Ellory's theories are based on the idea of universal facial expressions and so-called microexpressions, the latter of which are not universal, while the former is treated by science about as seriously as fin rot instances among Loch Ness monsters. It's all junk pseudoscience that can lead to cops becoming so convinced that an innocent person is guilty that it might push them into making a false confession or ignore evidence pointing to the real culprit.
Yet thousands of police officers have signed up for the classes because, among other things, it makes them feel like they have superpowers. Also, shows like House or Sherlock have taught us that when you're the kind of genius who can deduct the truth from the way someone twitches their nose, you get to act like a total dickweed 24/7. Not saying that's the main reason people take these classes, but it probably doesn't hurt.
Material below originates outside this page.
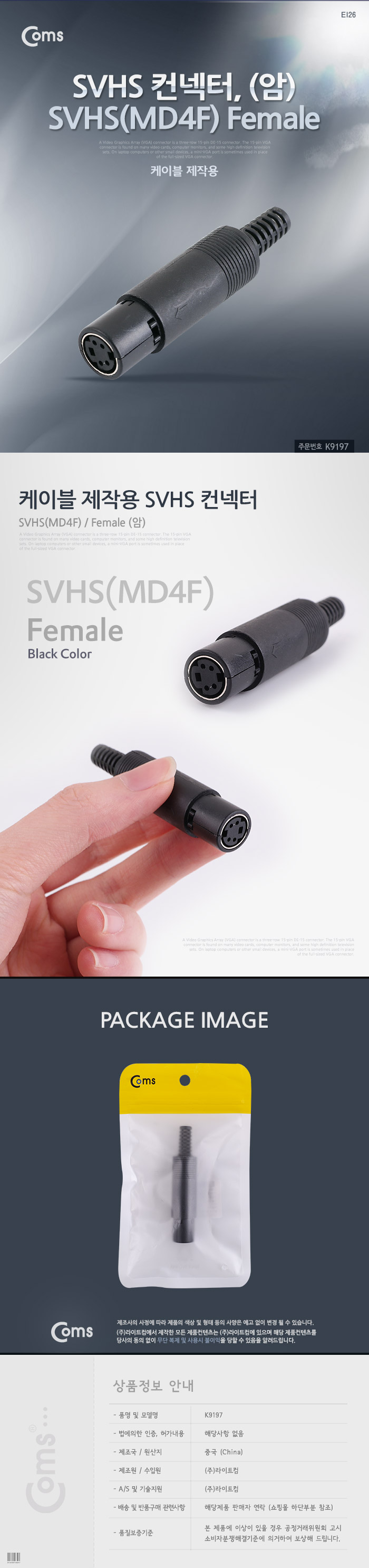 [Coms] 컴스 SVHS 컨넥터 F K9197 (MD4F, 블랙)

Cops Are Regularly Attending Pseudoscience "Killology" Courses
Killing is and should be a significant thing. The only way to make it not weigh heavily on your conscience is to stop looking at other people as, well, people. Only then can ending a human life become "not that big a deal." There are maybe two jobs where skills like that would be welcomed, and one of them is the guy who turns the Hitler clones into food for dogs that have stolen from cancer charities. Spoiler: the other one is not the police. However, many departments are still sending their officers to "Killology" seminars so they can learn to be more Okay with executing people in the streets.
Called "The Bulletproof Mind," the courses are run by Dave Grossman, a retired Army Ranger and West Point instructor, not to mention just a weird-ass guy who recommends killing because, according to him, it leads to great sex. Still, his resume has made it possible for him to spend 20 years traveling the US up to 300 days a year, teaching his "Killology" philosophy to police departments around the country. According to Grossman, police officers have to think of themselves as "warriors" who are "at war" with the streets. The course also teaches you to look at all criminals and potential suspects as predators ready to kill you at a moment's notice. That's probably not the best mindset to have for people who spend roughly 1% of their time actually dealing with violent crimes.
Look, obviously, police officers need psychological training to prepare themselves for the possibility of one day ending a human life. But the solution isn't a gross man yelling at them to imagine shooting Big Bird and then running back home to fuck their wives with their giant murder-erections (murderections?) Police departments have thankfully started to turn away from Grossman's courses, but, unthankfully, it was only after it turned out that the police officer who ended up killing Philando Castile was a Killology graduate. And here you thought that that case could not get any more tragic. That will teach you to underestimate Hellworld.